Sicilian serpentinite xenoliths containing abiotic organics with nanodiamond clusters as key model for prebiotic processes

Rock fragments from the deepest parts of a buried hydrothermal system belonging to the Mesozoic Tethys Ocean entered as xenoliths in a Miocenic diatreme, hence brought to the surface, in the Hyblean Plateau (Sicily). Some xenoliths consist of strongly serpentinized ultramafic rocks bearing blebs of abiotic organic matter, where clusters of amorphous carbon nanoparticles, including nanodiamonds, are immersed. Such an occurrence conjures up established hypotheses that diamond surfaces are suitable catalytic platforms stimulating the assemblage of complex bio-organic molecules relevant to the emergence of life on Earth. The appearance of bio-organic molecules under primitive Earth conditions is one of the major unsolved questions on the origin of life. Here we report new micro-Raman spectra on blebs of abiotic organic matter from a selected xenolith. Diamond bands were related to hydrogenated nanocrystalline diamonds, with size of nearly 1–1.6 ?nm, formed from organics at low pressures and temperatures. In particular, diamond surfaces can give rise to crystalline interfacial water layers that may have played a fundamental role in the early biosphere evolution as a good medium for rapidly transporting positive charges in the form of hydrated protons.

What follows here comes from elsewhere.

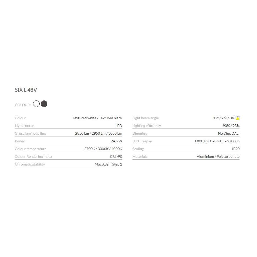Six 48V to rodzina reflektorów do zastosowań niskonapięciowych, która wyróżnia się lekkością i elegancją. Dostępny w rozmiarach L, M, S, XS i XS Double, jego korpus, przypominający dysk, zaokrąglony kształt, zawiera innowacyjną kombinację odbłyśnika i soczewki. Połączone działanie obu, pozwala Six kierować promienie światła z maksymalną jednolitością na bardzo małą odległość, co jednocześnie umożliwiło jej zróżnicowany design - zredukowany i minimalistyczny -. Ponadto Six może być swobodnie przegubowy dzięki przewiewnemu ramieniu, które pozwala skierować reflektor w dowolnym kierunku.

Nowadays, proton gradients in alkaline hydrothermal vents along oceanic ridges are generally viewed as key pre-biotic factors. In general, serpentinites span the entire geological record, including prebiotic times. These hydrous ultramafic rocks often display evidence of abiotic carbon species, both organic and inorganic, including nanodiamonds, being also capable to give rise to chemiosmotic processes and proton gradients necessary to the organisms, such as the “Last Universal Common Ancestor” (LUCA), in the prebiotic Earth.